La prigione di Montevideo da dove è evaso Rocco Morabito (Afp)

"Dammi la chiave, dammi la chiave", ripeteva Rocco Morabito, il boss della 'ndrangheta evaso dal carcere in Uruguay. La chiave per uscire. Ma Elida Ituarte, una pensionata uruguayana che da tre anni vive sola in calle San José, nel centro di Montevideo, in un appartamento al quinto piano di un edificio del centro della capitale contiguo alla torre di controllo del Carcere Centrale, voleva capire. "Io volevo solo sapere come avevano fatto ad entrare e perché si trovavano lì", nel corridoio di casa sua, alle 23.30 di domenica notte. Tre sconosciuti, vestiti di azzurro dalla testa ai piedi, jeans, felpa e berretto di lana, dentro casa sua, sorpresi dalla donna che - da poco a letto - si era alzata dopo aver visto una luce accendersi nella sala da pranzo e li aveva incrociati nel corridoio.

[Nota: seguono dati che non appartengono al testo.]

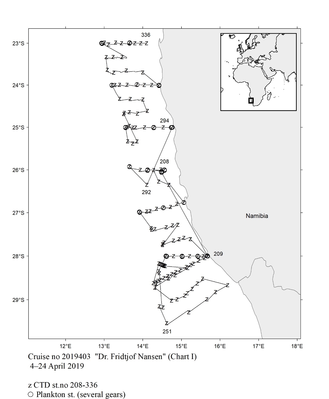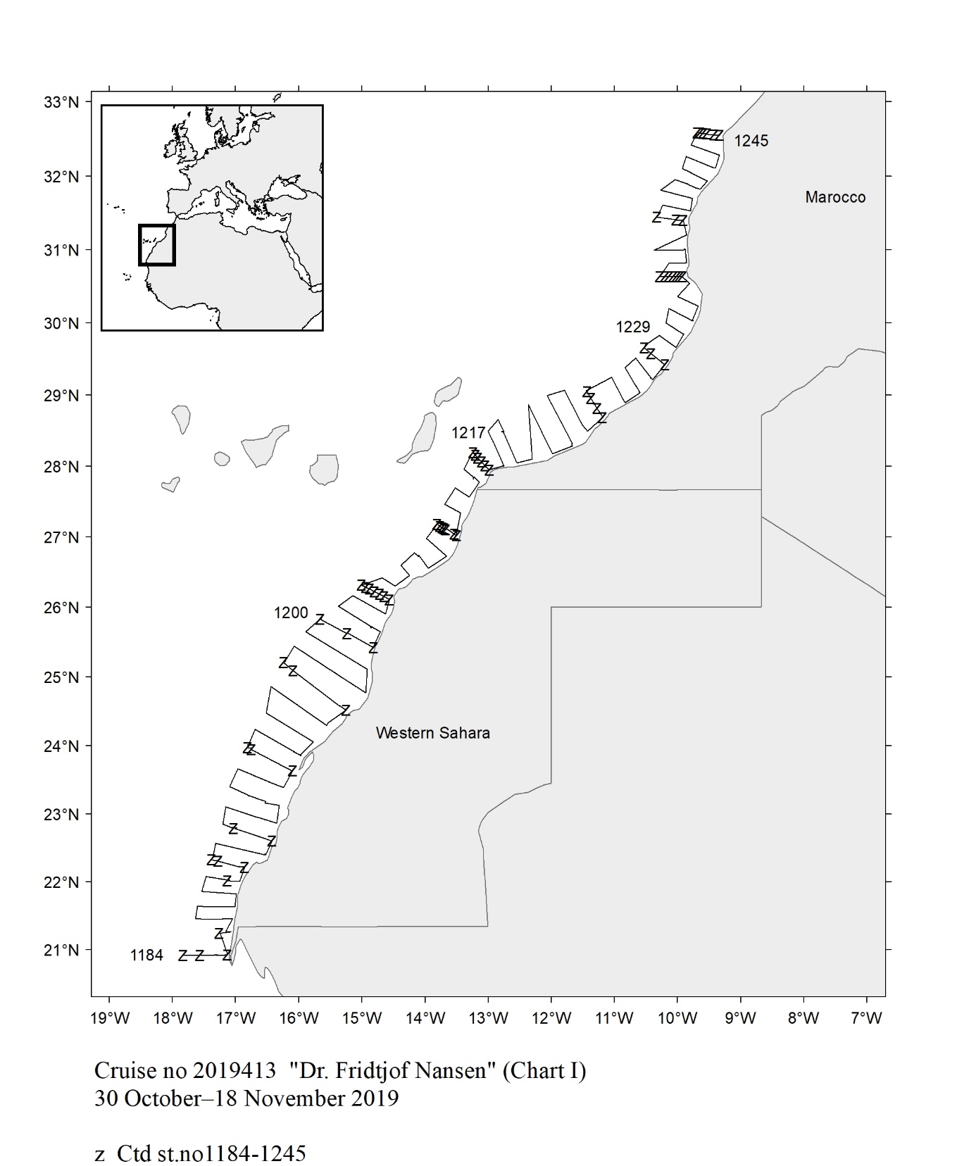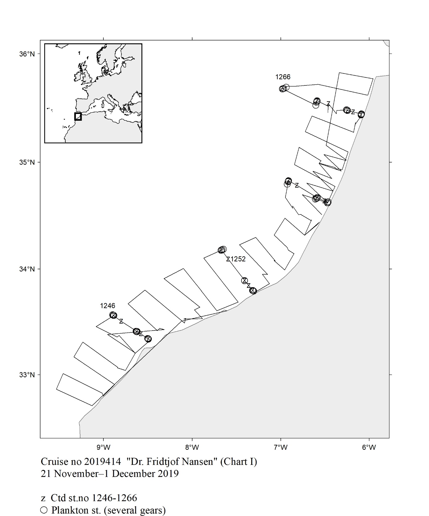 | 2019831 | 22.3.-8.4. | “ Kings Bay” | International blue whiting spawning stock survey. Acoustic survey to monitor the spawning stock of blue whiting on the spawning grounds west of the British Isles. | Northeast Atlantic Ocean | 1-27 | 16-26 | 133 |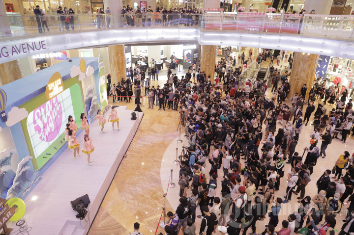 Pengunjung mal Lotte Shopping Avenue menyaksikan acara COS-HYPE di Jakarta, Sabtu (28/5/2022). Acara tersebut memberikan wadah dan kembali menikmati keseruan kepada penggemar kebudayaan Jepang khususnya anime, cosplay, dan idol performance yang sempat terhenti karena pandemi Covid-19. TRIBUNNEWS/HERUDIN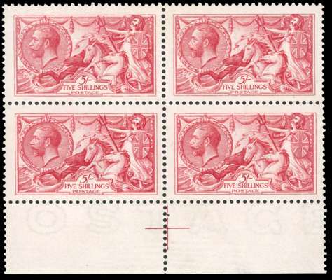 1913 5s rose-carmine lower marginal block of four, with sheet centre guide mark and trace of '(P)OSTAGE' watermark, mint large part o.g. with lower pair unmounted, missing perf at top, otherwise fine, an attractive positional multiple. SG 401 cat £3200+

Morabito non ha alzato il tono della voce, ha riferito la donna al quotidiano 'El Observador'. Ha ripetuto più volte che aveva bisogno della chiave dell'appartamento per poter uscire. Poi ha raccontato che erano idraulici che dovevano riparare i tubi dell'edificio, ha parlato di una figlia malata che doveva correre a vedere. "Siamo del consorzio, siamo qui per riparare una conduttura", ha detto il 're della cocaina' di Milano. Accanto a lui due uomini - molto giovani - che non aprivano bocca. Dal carcere sono fuggiti in quattro, ma la donna ne ha visti solo tre e con uno solo di loro ha parlato. Lo ha riconosciuto nelle fotografie, il giorno dopo. "Era lui!", ha detto, ma "adesso è molto più magro".

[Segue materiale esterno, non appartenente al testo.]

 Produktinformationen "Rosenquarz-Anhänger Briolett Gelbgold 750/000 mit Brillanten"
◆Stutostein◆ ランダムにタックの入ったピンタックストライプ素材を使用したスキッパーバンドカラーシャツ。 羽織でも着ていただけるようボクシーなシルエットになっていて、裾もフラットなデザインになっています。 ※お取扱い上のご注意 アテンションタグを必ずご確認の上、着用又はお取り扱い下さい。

Dopo uno scambio durato vari minuti, finalmente Elida ha acconsentito a dare la chiave ai tre, che si sono precipitati fuori dall'appartamento, giù per le scale e fuori dall'edificio. Seguiti pochi minuti dopo dalla pensionata, che è andata a riferire quanto le era accaduto ad un funzionario di polizia di guardia in una garitta al limite tra l'edificio dove si trova il suo appartamento e l'ingresso per le auto del carcere centrale. In quel momento Elida non aveva ancora idea di chi fossero i tre sconosciuti, credeva di essere stata vittima di un semplice furto in casa.

Verso l'una del mattino, funzionari della polizia sono andati a raccogliere la denuncia. "Quando è sola guardi sempre negli armadi", le ha consigliato uno di loro "che voleva tranquillizzarla", stando ai racconti della pensionata. Ieri verso mezzogiorno è arrivata la scientifica, che in precedenza aveva ispezionato il carcere per ricostruire i dettagli della fuga.

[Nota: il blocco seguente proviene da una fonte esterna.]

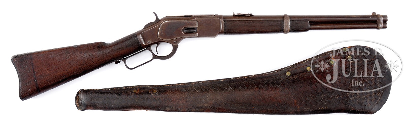 RARE WINCHESTER MODEL 1873 SADDLE RING CARBINE TRAPPER MODEL WITH 16″ BARREL IN A SADDLE SCABBARD MADE BY W.S. DUNBAR OF ALPINE, TEXAS.SN 324028B. Cal. 44 WCF. 16″ bbl. Blue finish. Straight grained American walnut stocks. Bbl is orig 16″ length with standard carbine sights and 2-line bbl address in front of bbl band. Cal. mark behind rear sight. Receiver is of stepped type with standard markings on both tangs. Elevator is marked 44 Cal. Dust cover has some light scroll engraving and may be from another gun but condition matches perfectly. Stocks are straight grained American walnut with carbine buttplate. Buttstock is stamped “C.C.G.” on both sides of butt and on left side of wrist. Saddle scabbard has basket weave decoration and a maker’s mark that says “W.S. DUNBAR MAKER ALPINE. TEX” on right side. Accompanied by Winchester Museum letter confirming bbl length and Cal. and showing shipment on January 7, 1890 order no. 7473. PROVENANCE: The Estate of G. W. “Bill” Stewart of Sonora, Texas. CONDITION: Very good for this model. Bbl and magazine tube are an even plum-brown patina overall with some heavy erosion at muzzle. Bbl address is sharp. Cal. mark is sharp. Bore is dark with only traces of rifling. Receiver is an even plum-brown patina overall with high point wear. Side plate lever, hammer, tang and sight screws are replacements. Saddle ring is a replacement. Dust cover is a replacement with a new screw. Loading gate shows some bright blue and may also be a replacement. Hammer and lever are a plum-brown patina. Tang markings are sharp. Stocks are very good, full-sized, and show nice raised grain overall with numerous dents and scratches especially on the comb of buttstock and toe of butt. Buttplate is also an even plum-brown patina overall. Carbine scabbard is good. Hanger loops are broken. Stitching has been repaired with fishing line. Tooling and maker’s mark are sharp. There is a long sight tear on top. A scarce and hard to find model 1873 Trapper carbine in much better than average condition for this model. 49973-487 TEP (4,000-6,000) – Lot 1022 Click here to view provenance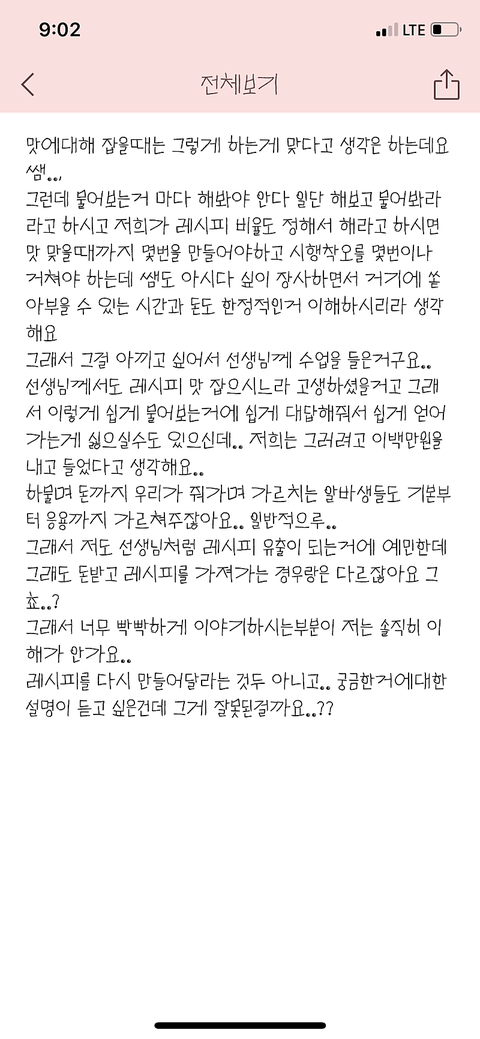 내가 알려준 기본기 다 검사 받기전에는 안준다는 식의 말을 어떻게 할 수 있는지..ㅡ.ㅡ 레시피를쥰다는게 애초에 커리큘럼이었고, 레시피를 쓸지 말지, 더 응용하고 활용할지 말지는 응당한 대가를 지불한 수강생들이 레시피를 받고 후 각자의 결정이지 않을까!!!!

I cinque funzionari, due donne e tre uomini si sono fermati sul balcone cinque minuti, per scattare fotografie della persiana forzata dai detenuti evasi dl carcere attraverso un foro, il tetto del carcere, il balcone di casa di Elida. Poi un graduato ha raccolto la testimonianza della pensionata, i dettagli della vicenda dall'arrivo alla fuga con i tremila pesos circa che la donna teneva in casa. "El Observador" ha tentato di mettersi in contatto con autorità di polizia e con l'Istituzo nazionale di riabilitazione per capire ad esempio come sia fuggito il quarto evaso e come sia possibile che il funzionario di guardia davanti all'ingresso dell'edificio dove vive la donna non abbia visto uscire Morabito e i suoi due compagni di fuga.